The proportion of specific drug combinations varied substantially by class of PO deaths (Table 1). At both periods, the most frequent combination was with benzodiazepines: 16.8% in 2002–03, 27.9% in 2014–15. Antidepressants (13.2%) and cocaine (12.6%) were next in 2002–03, heroin (15.4%) and alcohol (13.7%) in 2014–15. In 2014–15, among (1) natural and semisynthetic opioids and (2) methadone deaths, benzodiazepines ranked first (27.9%), heroin was next but a third as prevalent (15.4%).
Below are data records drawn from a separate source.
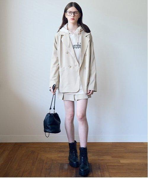 成人化的可愛設計,大廓形。蘇格蘭鈕釦突出了造型感,既可隨意穿著,也可整齊穿著。袖子周圍也很寬鬆,因此厚的派克大衣和針織衫都能輕鬆穿脫。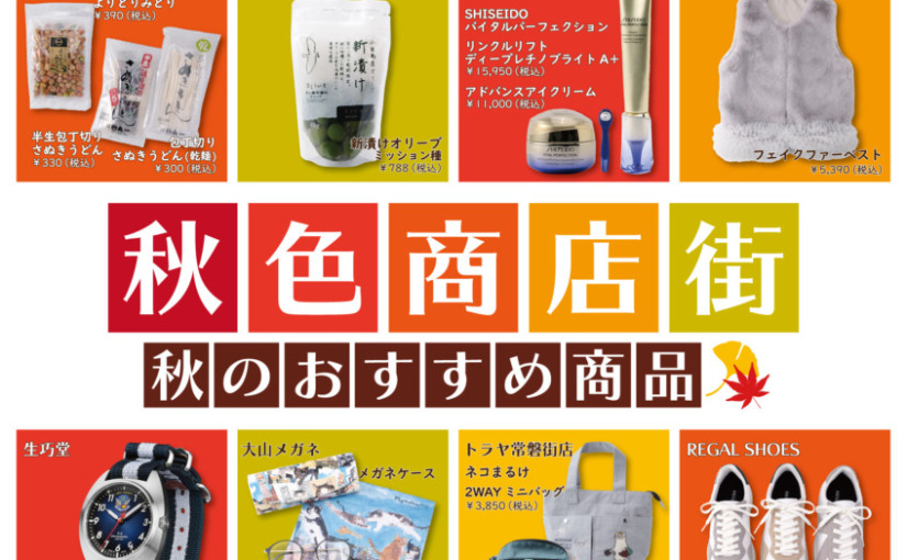 秋色に染まる商店街のシーズンキャンペーン「秋色商店街」。 >>秋商品&サービス特集 >>秋グルメ特集 ポスターをクリックすると各特集&キャンペーンの詳細をご確認頂けます。 商品&サービス特集 秋グ … 続きを読む 秋色商店街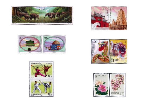 1.双连版式 创意附票 体育题材龙头 这是个性化邮票双连张集藏新品类的首款体育题材邮票,采用双连编排形式,上下连在主体部分相互呼应的同时,首次在齿孔附票区域创意设计不同的图案。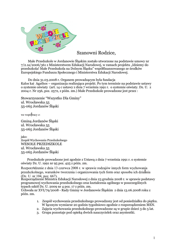 Szanowni Rodzice, Małe Przedszkole w Jordanowie Śląskim zostało utworzone na podstawie umowy nr 7/2.1a/2006/361 z Ministerstwem Edukacji Narodowej, w ramach projektu „Idziemy do przedszkola! Małe Przedszkola na Dolnym Śląsku” współfinansowanego ze środków Europejskiego Funduszu Społecznego i Ministerstwa Edukacji Narodowej. Do dnia 31.03.2008 r. Organem prowadzącym była fundacja Kalos kai Agathos – organizacja realizująca projekt. Po tym terminie na podstawie ustawy o systemie oświaty (art. 14 c ustawy z dnia 7 września 1991 r. o systemie oświaty. Dz. U. z 2004 r. Nr 256, poz. 2572, z późn. zm.) Małe Przedszkole prowadzone jest przez : Stowarzyszenie “Wszystko Dla Gminy” ul. Wrocławska 55 55-065 Jordanów Śląski ł we wspópracy z: Gminą Jordanów Śląski ul. Wrocławska 55 55-065 Jordanów Śląski jako: Zespół Wychowania Przedszkolnego WESOŁE PRZEDSZKOLE ul. Wrocławska 55 55-065 Jordanów Śląski Przedszkole prowadzone jest zgodnie z Ustawą z dnia 7 września 1991 r. o systemie oświaty Dz. U. 1991 nr 95 poz. 425 z późn. zm. Rozporządzenie z dnia 13 czerwca 2008 r. w sprawie rodzajów innych form wychowania ł przedszkolnego, warunków tworzenia i organizowania tych form oraz sposobu ich dziaania (Dz. U. nr 104, poz. 667). Rozporządzenie Ministra Edukacji Narodowej z dnia 23 grudnia 2008 r. w sprawie podstawy programowej wychowania przedszkolnego oraz kształcenia ogólnego w poszczególnych typach szkół Dz. U. 2009 nr 4 poz. 17 z późn. zm. Uchwała nr XVI/79/2008 - Rady Gminy w Jordanowie Śląskim z dnia 13.06.2008 roku z późn. zm. 1. Zespół wychowania przedszkolnego prowadzony jest od poniedziałku do piątku. W łącznym wymiarze 20 godzin tygodniowo zgodnie z rozporządzeniem MEN. 2. Zajęcia wychowania przedszkolnego prowadzone są w grupie dzieci 3 do 5 lat. 3. Grupa pozostaje pod opieką dwóch nauczycielek oraz asystentki. 1 4. Usługi świadczone w przedszkolu są odpłatne. 5. Odpłatność obejmuje koszty związane z opieką i wychowaniem dziecka w Przedszkolu i ustalana jest przez organ prowadzący Przedszkole. Opłata obejmuje cały rok kalendarzowy od września do sierpnia - włącznie. 6. Wszystkie dzieci uczęszczające do przedszkola podlegają obowiązkowemu ubezpieczeniu. Opłatę z tytułu ubezpieczenia dziecka uiszczają rodzice bądź prawni opiekunowie na początku roku szkolnego w miesiącu wrześniu. 7. Środki potrzebne na działalność przedszkola pochodzą: - ze składek wnoszonych przez rodziców- członków stowarzyszenia; - z udzielonej dotacji przez Gminę Jordanów Śląski, Rekrutacja: 1. Stowarzyszenie „Wszystko Dla Gminy” ogłasza nabór dzieci zamieszkujących na terenie gminy Jordanów Śląski. Informacje ogólnodostępne na tablicach ogłoszeń oraz na stronach internetowych www.jordanowslaski.pl , www.przedszkole.st-wdg.pl, 2. Rekrutacja dotyczy dzieci 3 i 4 -letnich. 3. Przyjmujemy dzieci do Zespołu wychowania Przedszkolnego zgodnie z Regulaminem rekrutacji na rok szkolny 2012/2013. Regulamin rekrutacji jest udostępniony do wglądu na terenie placówki . 4. Powołanie Komisji Kwalifikacyjnej ma miejsce tylko w przypadku większej liczby zgłoszeń niż miejsc w przedszkolu. Komisja Kwalifikacyjna wyłoni listę dzieci przyjętych do Wesołego Przedszkola na rok szkolny 2012/2013. 5. W przypadku, gdy liczba zgłoszeń jest nie większa niż liczba miejsc wszystkie dzieci zostają przyjęte. 6. Nabór dzieci do przedszkola prowadzi się każdego roku. Ważne daty naboru na rok szkolny 2012/2013 od 2 maja 2012 r. do 31 maja 2012 r. przedszkole wydaje i przyjmuje od rodziców wypełnione "Karty zgłoszenia dziecka" prowadząc ich ewidencję. Kartę zgłoszenia dziecka można pobrać w „Wesołym Przedszkolu” 31 maja 2012 r. Przedszkole kończy przyjmowanie „Kart zgłoszeń dzieci”. Powołanie Komisji Kwalifikacyjnej w przypadku większej liczby 08 czerwca 2012 r. zgłoszeń niż miejsc w przedszkolu. ogłoszenie wyników rekrutacji ( wywieszenie listy dzieci przyjętych) 11 czerwca 2012 r. Z poważaniem Zarząd Stowarzyszenia „Wszystko dla Gminy” 2

Among SO-M deaths, heroin was first (24.5%) and benzodiazepines a close second (20.0%). Although heroin-related deaths increased more than any other drug combination among all three PO classes, the change ratio for heroin was strikingly higher among SO-M (21.3 [95% CI = 15.0–30.3]) than natural/semisynthetic opioids (1.5 [95% CI = 1.4–1.7]) and methadone (5.3 [95% CI = 4.3–6.6]) deaths. Cocaine-related deaths decreased among natural/semisynthetic opioids (0.6 [95% CI = 0.6–0.7]) and methadone (0.6 [95% CI = 0.5–0.7]) deaths, but doubled (2.2 [95% CI = 1.9–2.6]) among SO-M deaths.

3.2.1. Increases in PO Deaths Attributable to Other Substances

The proportions of increased deaths in 2014–15 attributable to combinations with each psychoactive substance exceeding those expected based on their proportions in 2002–03 were calculated.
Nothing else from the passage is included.